I did not say that you were feigning outrage. V is correct on this, I was referring to his postings on this thread, and even the fact that he started it in the first place. I was actually giving him credit that he understood what Patagonia was doing, but calling out his lack of candor in pretending to be outraged. He was indeed trying to score points. Just my opinion, and I'm quite certain others also participate in this type of rhetoric.

There are those on both sides who actually lack the intelligence to correctly interpret the ad, those who are terribly informed, including many whose sole source of information is Fox New, Hannity, etc.

I understand your position of insisting on consistency. However, I think this can lead to a false sense of eqivalency regarding the honesty, credibility and integrity of the different sides, and not just on this issue. IMO, one side has been much less honest than the other on the NM discussion.
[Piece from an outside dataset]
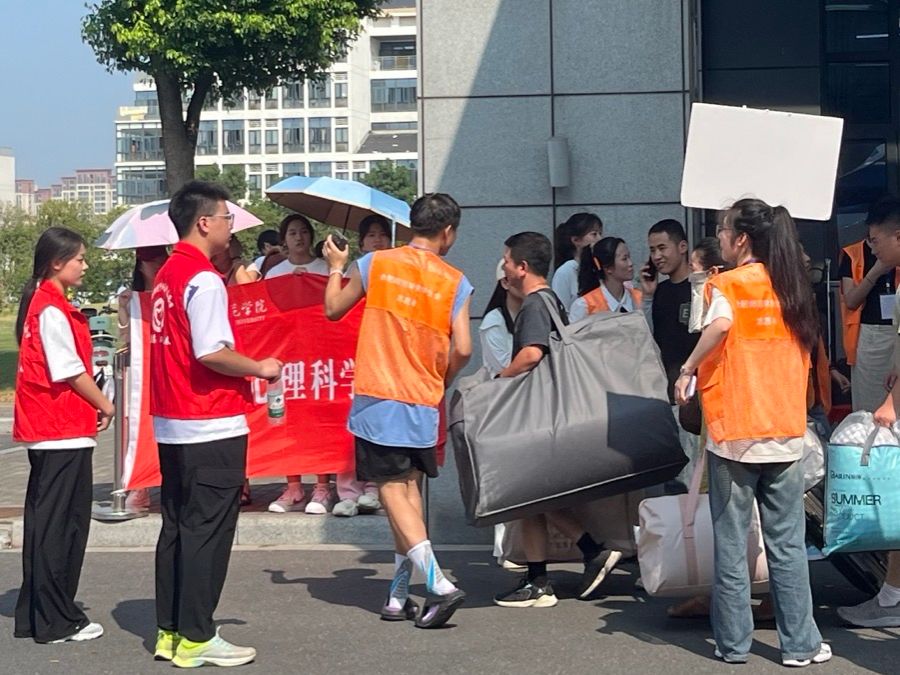 在校园内,到处都是迎新志愿者的身影。他们帮助新生搬运行李、分发材料物资、办理报到手续、提供信息咨询、开展随车引导、拍摄“最美定格照”,志愿者们用热情和汗水为新生提供细致周到的服务,帮助新生打消陌生感,迅速适应新环境。

Just as I don't believe that Fox News has any journalistic integrity while MSNBC actually is mostly factual. My bias, if you will.


----------



## #1DEER 1-I (Sep 10, 2007)

Also worth noting Vanilla, I watched Glenn Beck reference the same Patagonia pic you posted and then say quote “you couldn’t even walk on it, you could only stand on the road and look at it.” Then he goes on to talk about how there’s so much misinformation on the subject. I also listened to Ben Shapiro’s podcast yesterday where he didn’t have any idea what he was talking about either. 
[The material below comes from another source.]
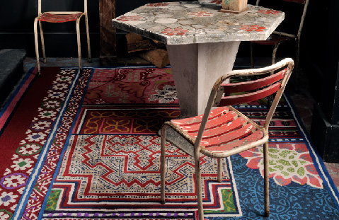 無地からモダンなデザインまでいろいろありますが、ここの最大の特徴は、キリムやアフガンウール、モロッカンなどのトライバルデザインを見事にモダンに洗練させたコレクションが多い所。アンティークペルシャのパッチワークも、他とは一味違うセンスが光ります。

Now you and I know that is complete crap. I like Ben Shapiro and Glenn Beck, but let me tell you this makes me question how accurate they are at times too, because neither one of them had the slightest clue what they were talking about in regards to this. Ben Shapiro said quote “the government should never own this much land, almost all of it should be PRIVATIZED” which is really the end goal of these guys right? 

I mean watching Glenn Beck and Ben Shaliro throw out blatant lies on this issue disgusted me to the core. 

You want to talk about fake bull****, how about we talk about the Utah Senators, Congressmen, county commissioners, Governor, and right leaning media outlets that blatantly and purposely misrepresented both of these monuments with lies and hyperbole’s of the actual truth. The entire monument review and monument complaints were driven by FAKE facts and dishonest representation of these monuments, especially Grand Staircase. It has been open to everything but mineral development for 20 **** years and Glenn Becks really going to sit there and tell me I had to look at it from the road. Then lock me up cause I haven’t followed that rule. Time to criticize the dishonesty, misrepresentation, and just complete crap coming from both directions. The people pushing the monuments reductions are no more honest than the other side. Both use outlandish fairy tales like “the President stole your land” or “you could only look at it from the road”. Since we have to settle for the less of two evils anymore....I’ll side with the side that actually understands what public lands are and doesn’t want to privatize them like the side that’s pushing these monument reductions. At least I know Patagonia is sincere in their push to save and preserve public lands.... oh and they actually know what they are. Whereas people on the right like Ben Shapiro or Glenn Beck would put every acre up for sale if they could. Rant over....for now.


----------



## PBH (Nov 7, 2007)

#1DEER 1-I said:


> You want to talk about fake bull****, how about we talk about the Utah Senators, Congressmen, county commissioners, Governor, and right leaning media outlets that blatantly and purposely misrepresented both of these monuments with lies and hyperbole's of the actual truth. The entire monument review and monument complaints were driven by FAKE facts and dishonest representation of these monuments, especially Grand Staircase. It has been open to everything but mineral development for 20 **** years...


Yep.

Historical truth and facts change over time, and reflect only the present consensus.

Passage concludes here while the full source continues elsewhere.